When an insurance claim is rejected it is best to stay calm and research the reason of the rejection, though this may require a lot of patience, you have a 50% chance of saving thousands of dollars in medical bills.
First of all research why your claim was rejected and ask for an explanation, keeping records of when and whom you spoke to. "Take down notes and get the language down as cleanly as possible," said Stephen Parente, a professor of health finance and insurance at the University of Minnesota. Learn the entire appeal process along with deadlines as a missed deadline can negate your appeal.
At times the cause for rejection can be something as simple as a clerical error, like a wrong code being used for your medical procedure.
This can be clarified with a few calls to your health providers billing office.
Write a letter with all the points clearly highlighted as to why your claim should have been honored. Your doctor can offer his input on this.
A physician can attest as to why the care you needed was medically necessary and all other alternatives had been exhausted. Support the doctor's theory with all medical records - even confidential ones. Try to include articles from medical journals which will add support to your claim. You can use the National Institutes of Health website www.pubmed.gov to search journals around the world.

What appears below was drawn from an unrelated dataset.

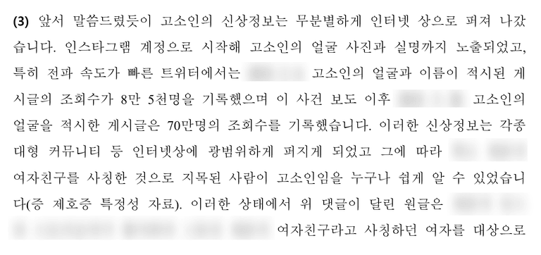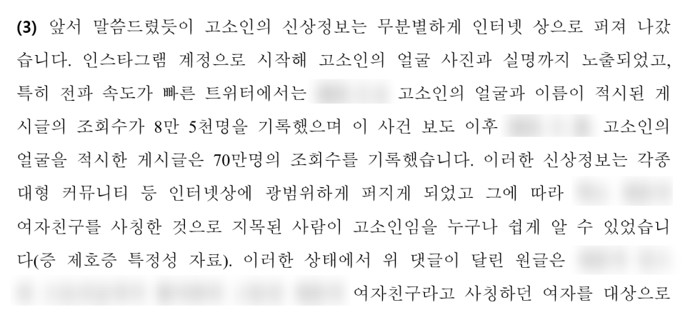 그러나 이 건에서는 의뢰인분의 인스타에 얼굴 사진이 다 있었고 각종 SNS와 커뮤니티에 이미 의뢰인분의 얼굴 사진 등 신상정보가 널리 퍼진 상태였습니다. 저희는 이러한 자료가 삭제되기 전 모두 확보하여 특정성을 주장하는 데 무리가 없었습니다.
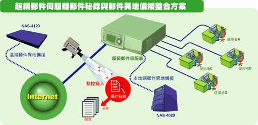 Logger)功能,所有郵件寄送都有一份備份存檔,幫助中小企業老闆了解員工E-mail內容,適時防止公司機密外洩,也可以從員工郵件記錄中,了解員工平日工作情況,以做為員工評核的參考。

The insurer's reasons for denying your claim have to be directly addressed - this is important. All correspondence should be sent by certified mail so that you can document the dates and deadlines which can prove or lose your claim.
Do not give up, be persistent. The insurer may allow a peer-to-peer review in which your doctor can meet the physician appointed by the insurer.
Some people with employer sponsored health insurance can ask the company for help. Large companies with more than 200 workers usually pay the medical bills and insurers are hired to manage their plans.
When the employer refuses to overturn the insurer's decision, it is important for companies to be brought into the appeals conversation so they can consider making coverage adjustments over time.
The human resources department can check to see if your coverage is self-funded help you understand the procedure for an appeal.
Some states offer consumer assistance programs, and your insurer should provide you with contact information for the program in your state.
Help is also available from nonprofit agencies like Patient Advocate Foundation and The Jennifer Jaff Center, which can assist with appeals in cases involving chronic, life-threatening or debilitating illnesses.